The UK Government has announced significant changes to Vehicle Excise Duty (VED) rates, effective 1 April 2025, impacting both new and existing vehicle owners. These adjustments aim to align VED rates with inflation and incorporate zero-emission vehicles into the tax framework.
Adjustments to VED rates
From April 2025, VED rates for cars, vans, and motorcycles will increase in line with the Retail Price Index (RPI). This standard uprating ensures that VED receipts are maintained in real terms.
A notable change, however, is the inclusion of zero-emission vehicles in the VED system. Currently exempt, these vehicles will be subject to VED from 1 April 2025. Zero-emission cars registered on or after this date will pay the lowest first-year rate, equivalent to vehicles emitting 1-50 g/km of CO₂. In subsequent years, they will transition to the standard annual rate.

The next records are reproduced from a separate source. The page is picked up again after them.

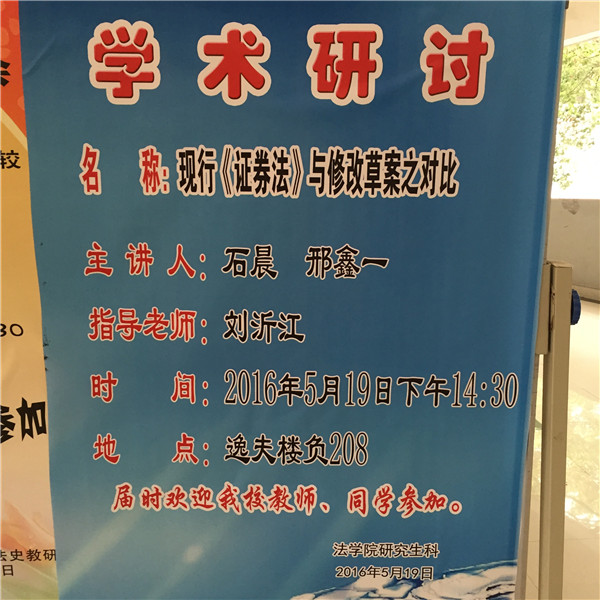 2015级研究生经济法学术研讨会于2016年5月19日下午14时30分在逸夫楼负208室召开,历时两个半小时。此次研讨会由刘沂江老师作为指导教师,研讨主题为“现行《证券法》与修改草案之对比”的问题,主讲人为2015级的邢鑫一和石晨两位同学。参与本次探讨会的人员主要有2015级经济法全体研究生,研讨会通过主讲人报告其研讨内容,同学根据其报告内容提问、展开讨论,最后由指导老师点评等方式完满结束。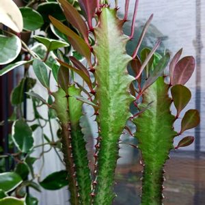 ユーフォルビア・トリゴナ赤斑 棘座に葉っぱがズラリとついていた赤トリゴナは春に葉っぱを落としながら全身真っ赤に紅葉していた クチャクチャになった葉っぱが全部綺麗に落ちたら撮ろうと思っていたけど 落葉し終わったら緑色になっちゃったよ(-ε- )💔 そんで また葉っぱ出てきた🌱 でもこのシルエットは好きだな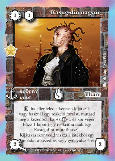 Szöveg: (K), ha ellenfeled sikeresen kijátszik vagy használ egy reakció forrást, mutasd meg a kezedből: kapsz 1_VP-t, és kör végén húzz 1 lapot (egy reakcióra csak egy Kasug-dint mutathatsz). Kijátszásakor vedd vissza a játékból egy moádat a kezedbe, vagy gyógyulsz 4-et.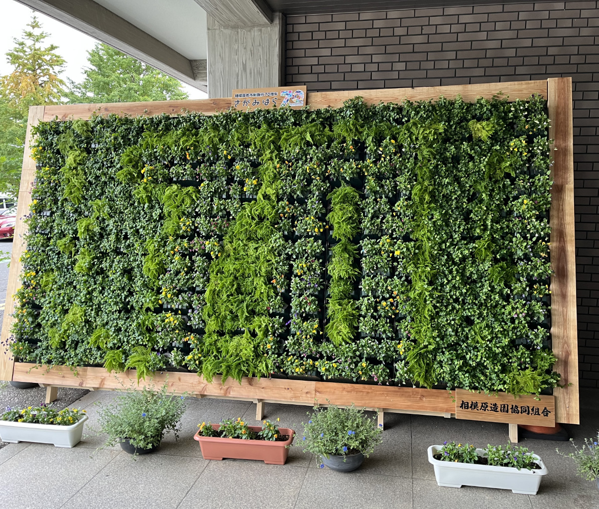 相模原市役所本庁舎の玄関前に市制施行70周年を祝う「フラワーウォール」が10月21日にお目見えした。相模原造園協同組合(小山重樹理事長)の協力で実施したもので、色とりどりの花が利用者らの目を楽しませている。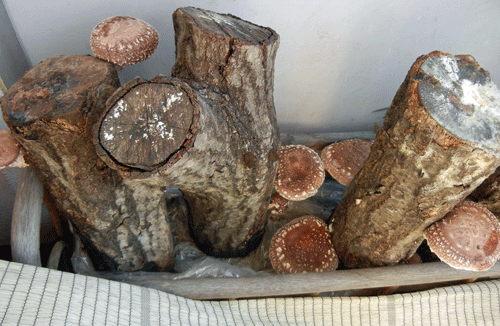 夏場片手でヒョイと持ち上げられるほどに乾いていた椎茸のホダ木菌糸もダメになったかもと思いながらも諦めきれず、一週間ほどドブンと水に浸しておきました。木肌が破れるように白い菌糸が見えてきたので、ベランダで光を遮蔽して水遣りの毎日・・・。夜の冷え込みにつられるように、掌ほどの大きさまで成長しました。知り合いに半分お分けして、残りは我が家で焼き椎茸塩と醤油で食べ比べてみましたが、塩味の方が椎茸の甘みが引立ち風味が口中に残りました。今回は強制的に菌糸の活動を促しました。自然のままに水遣りだけしていたら、もっと寒くなってからの発生だったと思われます。ということは、もう一回ぐらい出てくれるでしょうか・・・。それとも、待ちきれずにまた水風呂に入ってもうらうことになるかもしれません。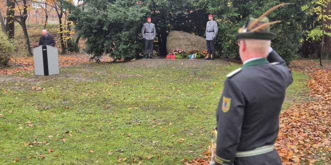 Bei der Kranzniederlegung am Ehrenmal im Schlosspark waren nicht nur Abordnungen der Schützengilde und der Feuerwehr angetreten – auch die Patenbatterie der Stadt Bleckede war dabei. Die Abordnung der 2. Batterie des Artillerielehrbataillons 325  legte ebenfalls einen Kranz nieder.

Impact on electric vehicles (EVs)
Extending the “expensive car supplement” to electric vehicles will significantly impact demand. From April 2025, EVs with a list price above £40,000 will incur an additional VED of £425 annually for five years, starting from the second year of ownership. This is in addition to the standard VED rates. Industry experts argue that the £40,000 threshold does not reflect luxury for EVs due to their generally higher costs than petrol or diesel cars.
Changes for older vehicles
Owners of older vehicles will also face significant changes under the updated VED system. For cars registered between 1 March 2001 and 31 March 2017, VED rates have historically been calculated based on the vehicle’s CO₂ emissions. However, from April 2025, a key shift will occur for vehicles currently classified in Band A, which emit up to 100 g/km of CO₂. Previously exempt from VED, these vehicles will be reclassified into Band B, resulting in a mandatory annual charge.
This adjustment marks the end of long-standing tax breaks for many low-emission vehicles that were once considered environmentally friendly. As a result, owners of these cars will need to account for an added expense in their annual vehicle costs. While the specific rate for Band B is yet to be finalised, the change highlights the Government’s broader strategy to ensure that all vehicles contribute to VED revenues, regardless of their emission levels.
First-year rates for new cars
Under the updated rules, first-year VED rates for new cars will significantly increase, with higher-emission vehicles bearing the brunt of the changes. These rates are intended to reflect the environmental impact of a car’s emissions during its first year on the road. For example, cars emitting 76-90 g/km of CO₂, which previously fell into a more modest rate band, will see their first-year tax charges double compared to the rates applicable in 2024/2025.
Similarly, vehicles emitting over 151 g/km of CO₂ will experience even steeper increases, reinforcing the Government’s intent to disincentivise the purchase of higher-emission vehicles. These adjustments aim to differentiate the costs of running high-emission cars from low- or zero-emission alternatives, promoting a shift toward greener vehicle choices.
For prospective buyers, these changes mean factoring in the higher upfront tax cost when budgeting for a new car, especially if it falls into a higher emissions category. These first-year VED charges, often referred to as the ‘showroom tax’, are payable at the point of vehicle registration, making them an immediate financial consideration for new car purchasers.
Implications for vehicle owners
These changes are designed to encourage the adoption of zero-emission vehicles by widening the tax differentials between zero-emission, hybrid, and internal combustion engine cars. However, they also mean that many vehicle owners will face higher VED costs. Vehicle owners should review their current vehicles’ VED bands and consider the financial implications of these upcoming changes.
Industry experts have expressed concerns about the impact of these changes on the adoption of electric vehicles. The Society of Motor Manufacturers and Traders (SMMT) indicates that 70% of new EVs will be subject to the luxury tax, potentially discouraging families and businesses from transitioning to electric cars. Critics urge the Government to rethink the policy to support the shift to green vehicles better.